Having this data culture allows all employees to participate in business solutioning, removing the traditional hierarchical-based cultures of the past. Equal footing allows unprecedented engagement and collaboration across divisions, providing a richer and more motivated employee experience.

Critical Elements of Data Culture

Below are six elements that are essential to developing a data culture.

Senior-Level Support

To shift a firm’s data culture in a meaningful way, there must be commitment at both the CEO and board level. The manifestation of that commitment must be transparent and must be part of an ongoing dialog with everyone in the firm. Organizations that are led by executives who understand the importance of data and who use data themselves in their day-to-day activities can accelerate their path toward becoming data leaders. 

Human Resources

A critical and almost always forgotten element in changing to a data culture is your human resources department. You must leverage their skill sets and your understanding of data to ensure there is a career path for data and analytics resources that join the firm. A healthy data culture is curated within the organization by design, not organically. It is managed so that there are clear roles and responsibilities for each team and role within the company.

Language

Data culture can be quickly canceled or sabotaged by simple language. Faster, flexible, and quality are words that executives use when they feel threatened by data culture. Because what are you answering? There is no context to help have a data-driven discussion on them.

  • Fast? Faster than what?
  • Flexible? Compared to what benchmark are you flexible?
  • Cost-effective? Compared to what?
  • Data Quality? What is your measure? Is it accuracy, frequency, completeness, uniqueness?

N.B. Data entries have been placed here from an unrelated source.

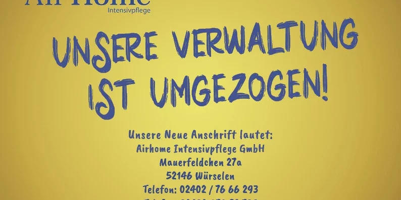 Unsere Verwaltung ist Umgezogen. Ab August 2021 sind wir an der Neuerstellten Intensivpflege in Würselen zu finden. Diese liegt direkt am Rhein-Mass Klinikum. Unsere Neue Anschrift lautet: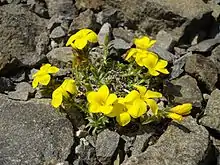 Linum cariense is a small perennial plant which grows in a cushion manner from 1–6 cm (0.39–2.36 in). The leaves are usually a dull grey-blue color and are 5–12 mm (0.20–0.47 in) long with tiny hairs. Each leaf is tipped by what appears to be a small brown gland. Each flower is yellow and approximately 1.5–2.5 cm (0.59–0.98 in) across. The flowers are typically in clusters of three or more, differentiating the species from the very similar Linum verruciferum which has singular flowers.[2]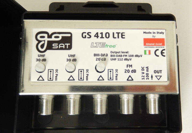 Domový zosilňovač GoSAT so zabudovaným LTE filtrom vyrobený v Taliansku firmou Emme Esse pre Gosat . Vstupy majú voliteľné napájanie a vstupné signály možno regulovať pomocou otočného konektoru.Zosilenie až 112 dBuV.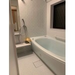 最新式のユニットバスにリフォーム致しました。 浴槽は人工大理石で、お掃除もしやすいです。また、浴槽の形は「クレイドル浴槽」と言って、浴槽内に肘掛けがなく、ゆりかご状の形状をした浴槽です。広くゆったりと浴槽に浸れるようにデザインされています。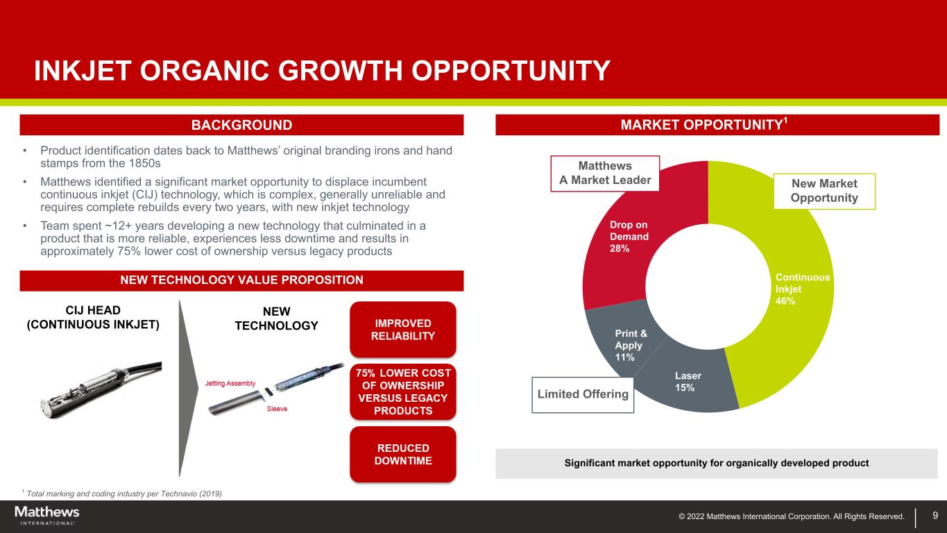 © 2022 Matthews International Corporation. All Rights Reserved. 9 INKJET ORGANIC GROWTH OPPORTUNITY • Product identification dates back to Matthews’ original branding irons and hand stamps from the 1850s • Matthews identified a significant market opportunity to displace incumbent continuous inkjet (CIJ) technology, which is complex, generally unreliable and requires complete rebuilds every two years, with new inkjet technology • Team spent ~12+ years developing a new technology that culminated in a product that is more reliable, experiences less downtime and results in approximately 75% lower cost of ownership versus legacy products BACKGROUND MARKET OPPORTUNITY1 NEW TECHNOLOGY VALUE PROPOSITION CIJ HEAD (CONTINUOUS INKJET) NEW TECHNOLOGY 1 Total marking and coding industry per Technavio (2019) Continuous Inkjet 46% Laser 15% Print & Apply 11% Drop on Demand 28% New Market Opportunity Limited Offering Matthews A Market Leader Significant market opportunity for organically developed product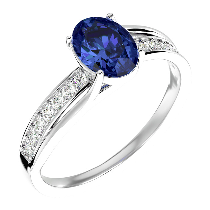 1 1/2 Carat Oval Shape Tanzanite and Diamond Ring In 14 Karat White Gold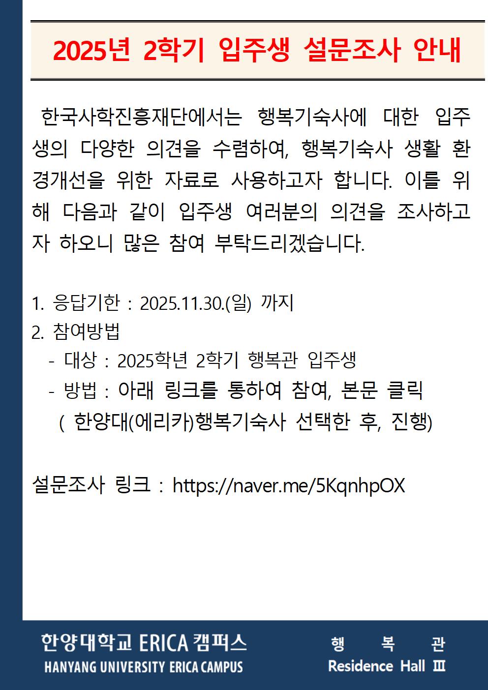 [행복관]2025년 2학기 입주생 설문조사 안내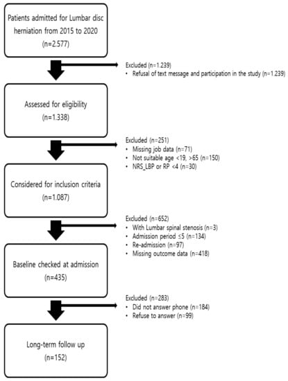 From 1 January 2015 to 31 December 2020, patients who were diagnosed with LDH and hospitalized in three Jaseng Hospitals of Korean medicine (in Gangnam, Bundang, and Ulsan in Korea), spine, and joint hospitals were included. Among the participants who met the inclusion/exclusion criteria, those who agreed that their personal information could be used for study purposes at the time of admission were included in the study.
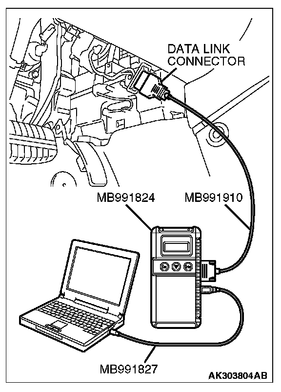 NOTE: Disconnecting the scan tool MB991958 is the reverse of the connecting sequence, making sure that the ignition switch is at the "LOCK" (OFF) position.

Detractors of data culture will use these words and as others try to explain them, meaning is changed, or manipulated in a way to demonstrate the shortcomings of the new approaches.

Data Literacy

Create education programs that are targeted to each major level of the organization. Provide them with use cases that are meaningful and have a business focus that can be related to in their day-to-day workday. By training resources with clear examples that affect them in their current roles, you draw them into the discussion and captivate them with the “Art of the Possible.”

Democratization of Data

Allow people the freedom to explore data, to have the ability to pivot data in ways that don’t seem reasonable but could in the end produce wildly positive results for the organization. Careful thought must be given to privacy and compliance regulations along with Intellectual Property of the firm.

Technology

Technology can have a significant effect on your data culture. It is up to each firm to understand how many technologies they will allow for visualization or dashboarding. Suppose you have four or five technologies that support those capabilities. In that case, you are limited in moving resources to other areas of the organization because each division is using their own set of tools. 

Conclusion

Data culture is a composition of people, process, and technology and the interaction of these three components. When you empower teams to leverage data and provide them access to data, they will prove to you how powerful a force this is. On a global scale, we have witnessed the rise of organizations that exploit data to improve revenue, reduce costs, improve customer experience, and improve product maintenance. Data-driven organizations have outpaced those that are lower on the data culture maturity curve. The question you now face is how you move your organization to leverage data in a meaningful way.